Menegok Para Pembuat Mainan anak Tradisional di Karang Anyar

Menegok Para Pembuat Mainan anak Tradisional di Karang Anyar

Mainan anak - Permainan tradisional sangatlah populer sebelum teknologi masuk ke Indonesia. Dahulu, anak-anak bermain dengan menggunakan alat yang seadanya.

Namun kini, mereka sudah bermain dengan permainan-permainan berbasis teknologi yang berasal dari luar negeri dan mulai meninggalkan mainan tradisional. Seiring dengan perubahan zaman, Permainan tradisional perlahan-lahan mulai terlupakan oleh anak-anak Indonesia. Bahkan, tidak sedikit dari mereka yang sama sekali belum mengenal permainan tradisional.

Permainan tradisional sesungguhnya memiliki banyak manfaat bagi anak-anak. Selain tidak mengeluarkan banyak biaya, permainan –permainan tradisional sebenarnya sangat baik untuk melatih fisik dan mental anak. Secara tidak langsung, anak-anak akan dirangsang kreatifitas, ketangkasan, jiwa kepemimpinan, kecerdasan, dan keluasan wawasannya melalui permainan tradisional.

Para psikolog menilai bahwa sesungguhnya mainan tradisional mampu membentuk motorik anak, baik kasar maupun halus. Salah satu permainan yang mampu membentuk motorik anak adalah dakon. Motorik halus lebih digunakan dalam permainan ini. Pada permainan ini pemain dituntut untuk memegang biji secara utuh sembari meletakkannya satu-satu di kotakkannya dengan satu tangan.

Seperti yang di kutip dari Jaringnews.com:
Karanganyar, desa sentra pembuatan mainan anak tradisional

Mainan-mainan tersebut di Jepara sering dijumpai di pasar-pasar tradisional. Mulai dari pasar Kota Jepara hingga pasar-pasar di pedesaan. Namun, ada juga beberapa toko mainan yang menjual mainan tradisional dari Desa Karanganyar ini.

Tak hanya di tersebar di wilayah Jepara, mainan tradisional buah tangan trampil warga Desa Karanganyar sudah merambah hingga luar Pulau Jawa. Bahkan hingga negara tetangga, seperti Singapura dan Malaysia.

“Banyak pedagang yang membeli dari sini, kemudian dijual di Sulawesi, Kalimantan, Medan, dan Irianjaya,” ujar Nurhadi, salah satu pembuat mainan tradisional di sentra mainan anak-anak Desa Karanganyar.

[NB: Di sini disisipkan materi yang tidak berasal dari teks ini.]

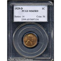 <B>1929-D 1C MS65 Red PCGS.</B></I> Quite frosty with rich coppery-orange coloration. A shallow lamination beneath BE in LIBERTY is easily overlooked. Lot:5512

“Kalau othok-othok ini banyak yang dikirim ke Singapur dan Malaysia,” imbuh kakek Nur Sifa.

Siang itu, Nurhadi di temani istrinya, Siti Komari dan cucunya Nur Sifa, sedang berkutat dengan potongan batang-batang bambu. Di sisi kanan dan kiri Nurhadi, nampak setumpuk spon beraneka warna. Selain itu, ribuan tutup botol air mineral kelihatan teronggok di salahsatu sudut teras rumahnya.

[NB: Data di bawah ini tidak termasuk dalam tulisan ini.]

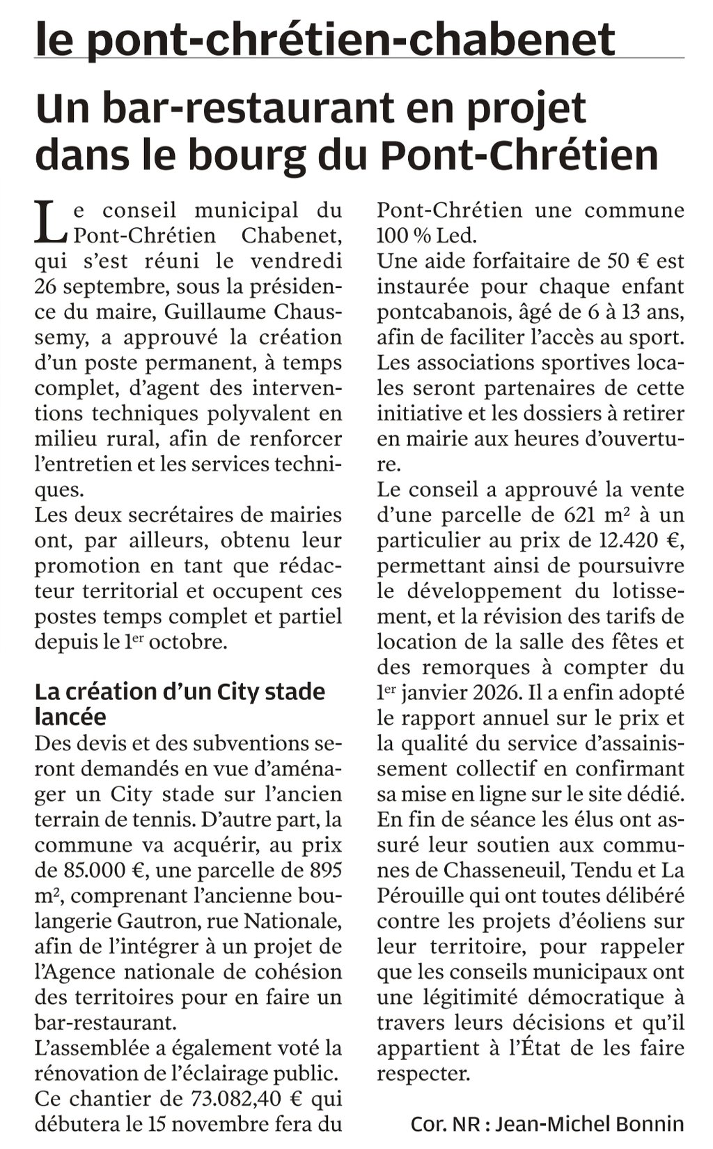 Le secrétariat de la Mairie de Pont-Chrétien-Chabenet est ouvert au public du lundi au vendredi, de 14h00 à 17h30.

Mulai dari potongan bambu, spon, karet gelang, dan tutup botol air mineral adalah bahan-bahan yang akan disulap Nurhadi menjadi maninan anak-anak tradisional. Benda-benda tersebut tentu  dengan mudah dapat kita dapatkan di sekitar kita. Sayang, sering kali kita cuek terhadap benda-benda tersebut.

Namun, di tangan Nurhadi dan puluhan warga Desa Karanganyar, benda-benda limbah tersebut dapat menghasilkan pundi-pundi rupiah. Dibantu istri dan anaknya, dalam sepekan sedikitnya Nurhadi mampu menghasilkan 3.000 mainan seperti othok-othok dan kitiran.

“Harga othok-othok dari sini (sentra mainan anak-anaknya-red) satunya Rp 1.200 tetapi nanti para penjual biasanya dijual kembali dengan harga Rp 2.000, bahkan kalau di luar Jawa bisa sampai Rp 7.000,” papar Nurhadi.

“Spon ini limbah pabrik sisa sandal dibeli dari  di Jakarta, setiap satu kilo gram harganya Rp 9.000, sedangkan batang bamboo dibeli dari petani bambu dengan harga Rp 12.000 setiap batang bambu berukuran panjang 4 meter,” imbuh Nurhadi.